We see the stories of people being beaten and dragged away, but most of us still have jobs to go to and kids to care for and dishes to wash and lives to live. For most people, the cost of living is a more immediate issue, unless they happen to know someone who was beaten in the street.
And unemployment is rising, but it’s still only 4.6% of the population: For the majority of people, it’s a problem that’s happening to someone else.
But how many times can we be told that the economy is doing well before we look into our own wallets and see that it isn’t? And even if we’re not unemployed, how often can we hear the president say the unemployment rate doesn’t matter before we raise questions?
Even if we believe the president’s rosy view of the economy, we’re about to hit a point that will impact a lot of people, when health insurance rates skyrocket. Granted, the people who rely on assistance to afford ACA coverage will feel it most, but it will hit everybody, because insurance rates are linked. Even those who get health insurance through their employers will see rates go up, if not next month, whenever current contracts renew.
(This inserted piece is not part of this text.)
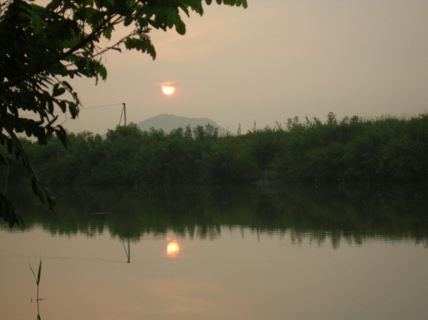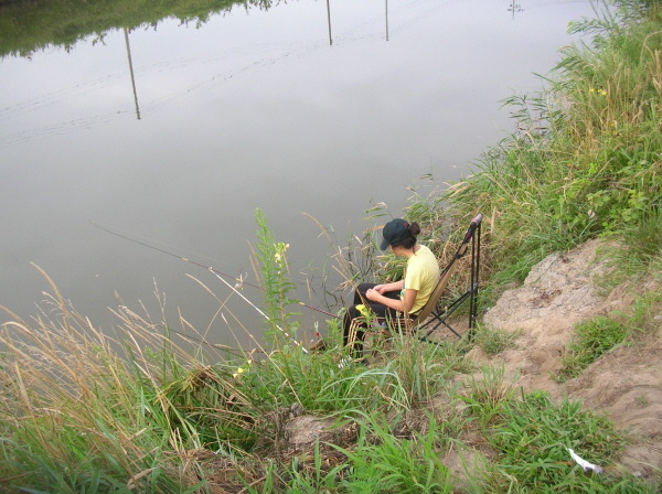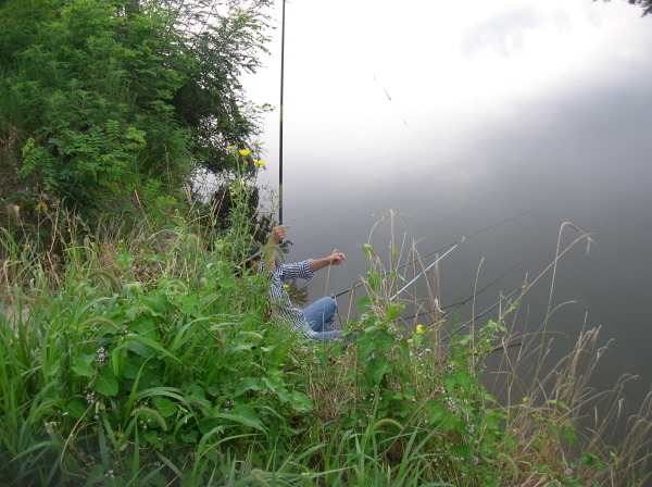 다음날 아침 친구들과 약속이 있다는 윤지를 집에 데려다 주고 돌아오니 총알을 달아 둔 짧은 낚시대 한대가 건너편 분들께 가있고

Some of the impact will be immediate, much will be delayed, but it’s going to be hard to sweep this under the rug with happy talk, and the trick for the opposition will be to make it clear who had the chance to fix things but refused to come to the table.
Getting messages across to the public is becoming more difficult as the administration gains more control over major media.
Hegseth’s banishing of independent media from the Pentagon appears not to have worked well. Although the new rule is that reporters there can only report on approved stories from approved sources, there are still journalists probing the bombings and killings in the Caribbean. It’s doubtful that most people are aware of his attempt to quash coverage of the military.
But the clumsy takeover of CBS News has exploded with Bari Weiss’s decision to spike that 60 Minutes story on CECOT. It’s becoming clear that she’d have done better to let it run rather than draw attention to it with a last-minute cancellation that clearly branded her decision as loyalty to the administration.
Not only does CBS look bad, but the story ran in Canada and social media is now flooded with pirate copies. The network is scrambling to block these links, but they’re bailing water with a pitchfork.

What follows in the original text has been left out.